Argentine anthropologist, teacher, film maker

Aurelia Del Carmen Guarini (born 18 January 1953) is an Argentine anthropologist, teacher, film director, and film producer specializing in anthropological documentary films. She teaches visual anthropology and directs documentaries in Argentina (Fundación Universidad del Cine; University of Buenos Aires; Observatorio Escuela de Cine Documental) and in Cuba. She serves on the documentary projects' evaluation committee at the National Institute of Cinema and Audiovisual Arts and participates in Cine Ojo projects.

==Biography==
Guarini earned her Ph.D. at the Paris West University Nanterre La Défense. She studied anthropological film under the direction of Jean Rouch in 1988 and had specialized seminars with Fernando Birri, Jean Louis Comolli, and Jorge Prelorán. She is a researcher at CONICET, and professor of Visual Anthropology at the University of Buenos Aires. She also teaches courses at the Film Centre and the International Film and Television School, a school of audiovisual media in San Antonio de los Baños, Cuba, and has been a visiting professor in France and Spain. With Marcelo Céspedes, she founded the production company Cine Ojo (1986) and the Festival y Forum DocBuenosAires (2001). She worked as a producer with many Argentine directors, including Andrés Di Tella, Mouján Alejandro Fernandez, Pedro Fernandez Mouján, Jorge Goldenberg, Edgardo Cozarinsky, Cristian Pauls, and Sergio Wolf. For her work in film, Guarini has won prizes at major national and international festivals.

== Filmography ==

===Director===
- Walsh entre todos (2015)
- Calles de la memoria (2012)
- D-Humanos ("Baldosas en Buenos Aires"), (2011)
- Gorri (2010)
- Meykinof (2005)
- El diablo entre las flores (short film) (2004)
- H.I.J.O.S., el alma en dos (2002)
- Compañero Birri) (unpublished) (2001)
- Tinta roja (1998)
- Jaime de Nevares: Último viaje (1995)
- En el nombre de la seguridad nacional (1994)
- Historias de amores semanales (1993)
- La voz de los pañuelos (short film) (1992)
- La noche eterna (1991)
- A los compañeros la libertad (short film) (1987)
- Buenos Aires, crónicas villeras (1986)

===Production===
- Walsh entre todos (2015)
- Calles de la memoria (2012)
- Gorri (2010)
- Madres con ruedas (2006)
- Los perros (2004)
- La televisión y yo (notas en una libreta) (2002)
- Por la vuelta (2002)
- El siglo del viento (1999)
- Buenos Aires, crónicas villeras (1986)

===Executive producer===
- Walsh entre todos (2015)
- Saldaño. El sueño dorado (2014)
- Sangre de mi sangre (2014)
- Regreso a Fortín Olmos (2008)
- Pulqui, un instante en la patria de la felicidad (2007)
- Fotografías (2007)
- Bialet Massé, un siglo después (2006)
- Murgas y murgueros (2003)
- El tiempo y la sangre (2004)
- Prohibido dormir (2004)
- Yo no sé qué me han hecho tus ojos (2003)
- H.I.J.O.S., el alma en dos (2002)
- Tango deseo (short film) (2002)
- Yo, Sor Alice (2001)

===Associate producer===
- Liniers, el trazo simple de las cosas (2010)

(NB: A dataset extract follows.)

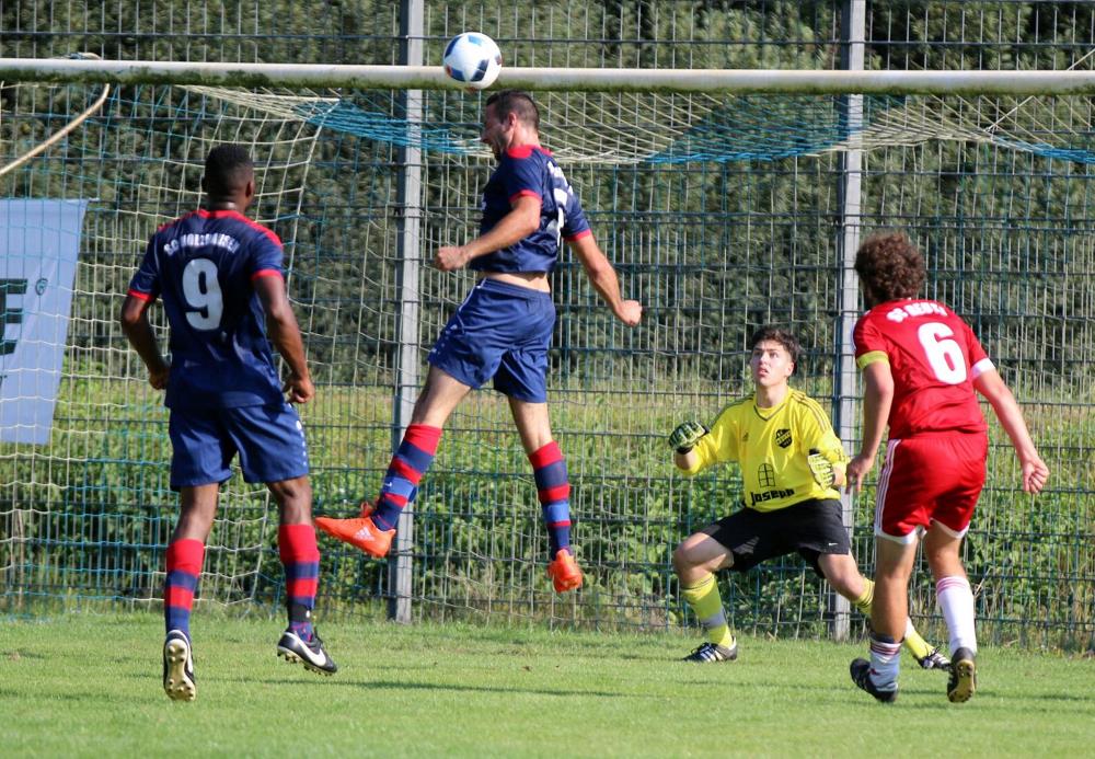 Kurz vor Ende der ersten Halbzeit ein Freistoß im Halbfeld für Holzhausen. Diesen trat Joachim Bott für das Gästetor und erneut beanspruchte Danny Günther die Lufthoheit für sich und bugsierte den Ball zum 2:0 ins Netz. Torwart Benno Bullert hatte zwar noch die Fingerspitzen dran konnte den Ball jedoch nicht mehr abwehren.
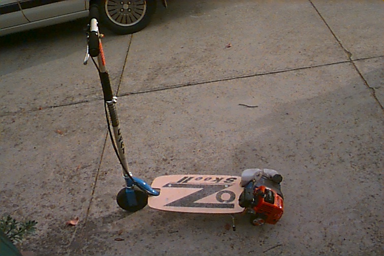 ˇ· 2 stroke 22cc zip start engine with clutch ˇ· Non slip deck ˇ· Maximum speed 30km ˇ· Throttle and braking controls ˇ· Weighs approximately 9kg ˇ· Adjustable folding head stem ˇ· Durable solid rubber tyres ˇ· Available in 5 colours (red, blue, yellow, black and chrome) ˇ· Retail price- $829 ![]() ![]() ![]() ![]() |

===Production management===
- Ronda nocturna (2005)

===Camera===
- Walsh entre todos (2015)
- Calles de la memoria (2012)
- H.I.J.O.S., el alma en dos (2002)

===Sound===
- La voz de los pañuelos (short film) (1992)

===Screenwriter===
- Walsh entre todos (2015)
- Calles de la memoria (2012)
- Cuentas del alma. Confesiones de una guerrillera (2012)
- Gorri (2010)
- Meykinof (2005)
- H.I.J.O.S., el alma en dos (2002)
- Tinta roja (1998)
- Jaime de Nevares: Último viaje (1995)
- Historias de amores semanales (1993)
- A los compañeros la libertad (short film) (1987)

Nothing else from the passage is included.